··· Available data
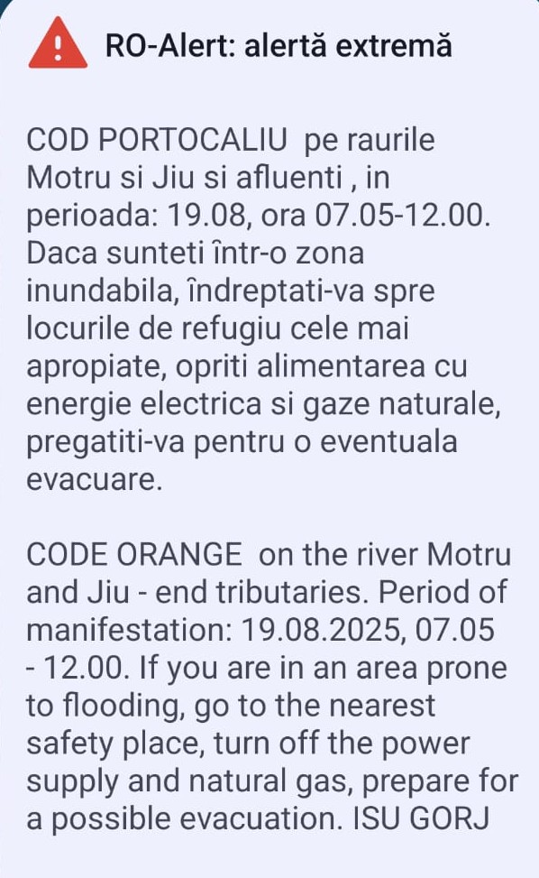 Avertizarea a fost transmisă prin sistemul RO-Alert, atât în limba română, cât și în limba engleză, pentru a informa rapid cetățenii din zona vizată.
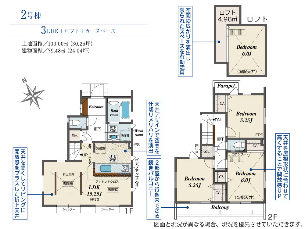 | 間取 | 3LDK + ロフト+床下収納×2 (LDK15.25帖、洋室6.00帖、洋室5.25帖、洋室5.25帖) | ||
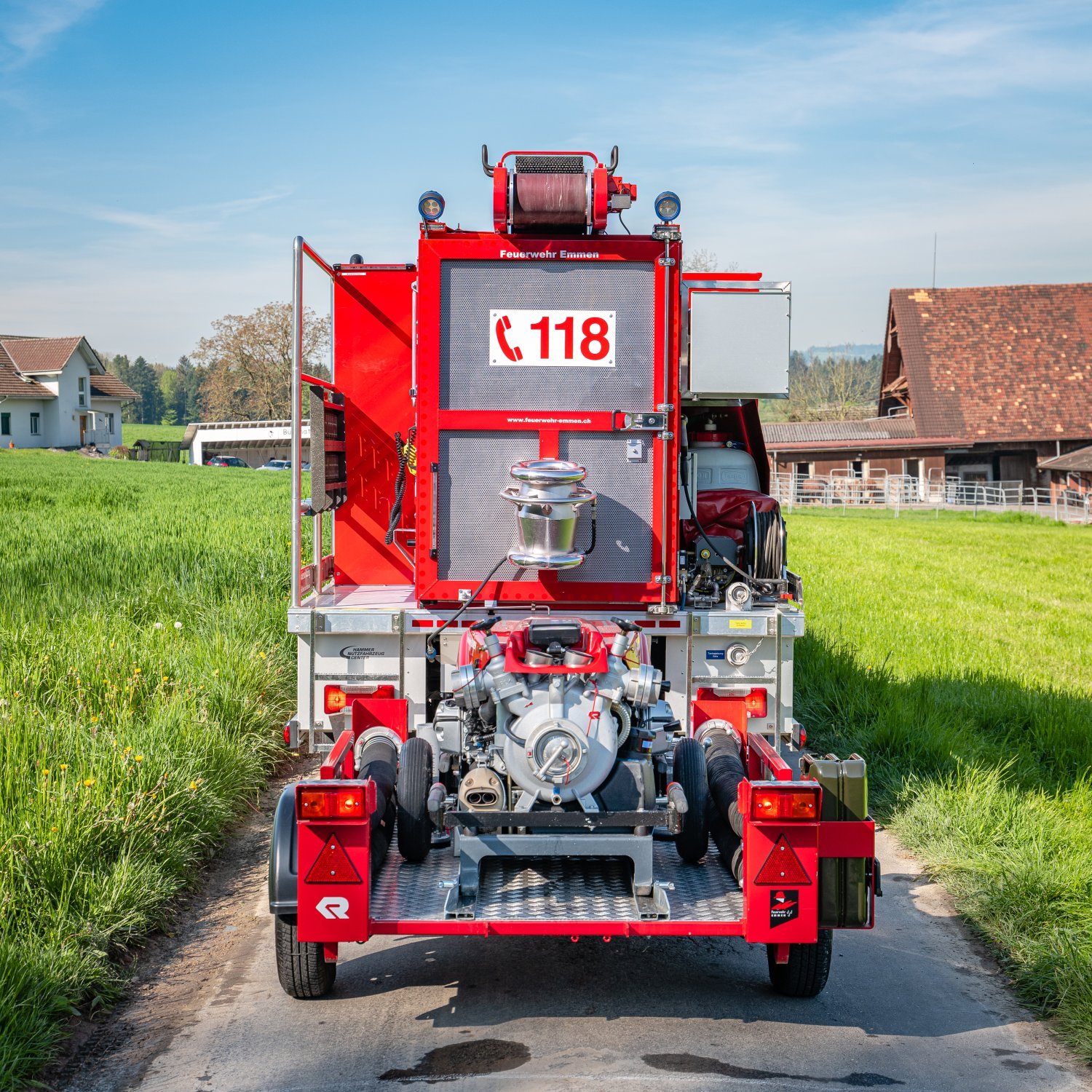 Wassertransport1500 m Schlauch 75 mm,Motorspritze Rosenbauer Fox IIIAutom. SchlauchaufnahmevorrichtungSchlauchwaschanlageMotorspritze mit Absenkautomatik
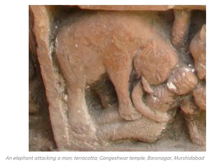 Terracotta panel showing a man being attacked by an elephant; Gangeshwar temple in Baronagar, Murshidabad district, West Bengal, India [Source: Hunters and Hunting in the Decorations of Temples of West Bengal]
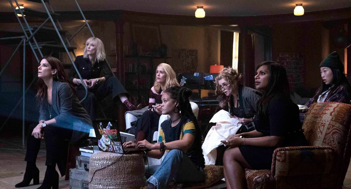 影片由Sandra Bullock、Cate Blanchett、Anne Hathaway、Mindy Kaling、Sarah Paulson、Rihanna、Awkwafina、Helena Bonham Carter领衔主演。
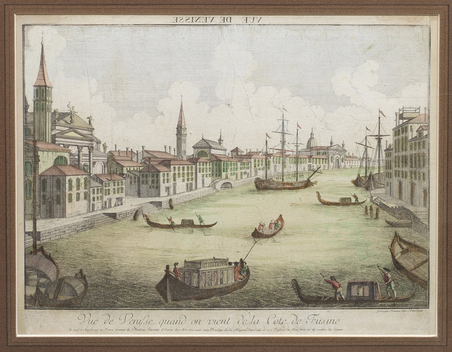Two copper engraved views of Venice by Franz Xaver Habermann (1721-1796), published by the academy in Augsburg circa 1780. Minor repairs and damages.
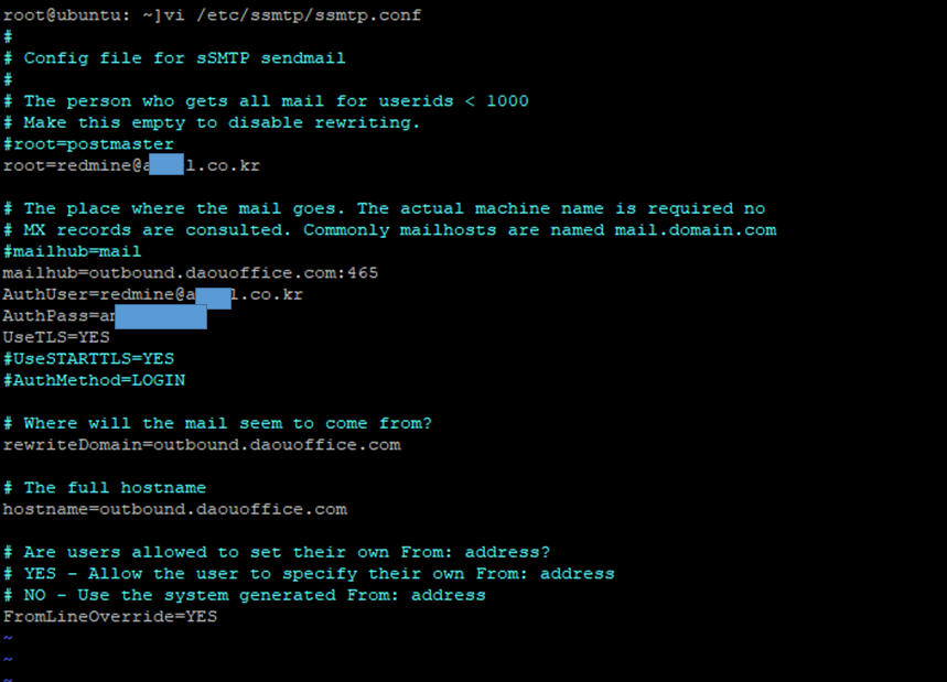 설정 파일의 위치는 /etc/ssmtp/ssmtp.conf 에 있습니다.
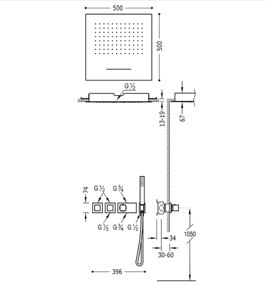 - Распылитель душевой INOX потолочный с 2 типами струи 500x500 мм
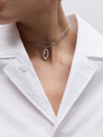 Мы предусмотрели разные варианты стилизации двойного звена: предлагаем носить на длинной цепи, обмотать дважды вокруг шеи или надеть на серьгу-хуп.
······
▶ **About this task**:
Please repeat every record exactly as it stands, leaving out any pictures.

▶ **Exercise solution**:
 Avertizarea a fost transmisă prin sistemul RO-Alert, atât în limba română, cât și în limba engleză, pentru a informa rapid cetățenii din zona vizată.
 | 間取 | 3LDK + ロフト+床下収納×2 (LDK15.25帖、洋室6.00帖、洋室5.25帖、洋室5.25帖) | ||
 Wassertransport1500 m Schlauch 75 mm,Motorspritze Rosenbauer Fox IIIAutom. SchlauchaufnahmevorrichtungSchlauchwaschanlageMotorspritze mit Absenkautomatik
 Terracotta panel showing a man being attacked by an elephant; Gangeshwar temple in Baronagar, Murshidabad district, West Bengal, India [Source: Hunters and Hunting in the Decorations of Temples of West Bengal]
 影片由Sandra Bullock、Cate Blanchett、Anne Hathaway、Mindy Kaling、Sarah Paulson、Rihanna、Awkwafina、Helena Bonham Carter领衔主演。
Two copper engraved views of Venice by Franz Xaver Habermann (1721-1796), published by the academy in Augsburg circa 1780. Minor repairs and damages.
 설정 파일의 위치는 /etc/ssmtp/ssmtp.conf 에 있습니다.
 - Распылитель душевой INOX потолочный с 2 типами струи 500x500 мм
 Мы предусмотрели разные варианты стилизации двойного звена: предлагаем носить на длинной цепи, обмотать дважды вокруг шеи или надеть на серьгу-хуп.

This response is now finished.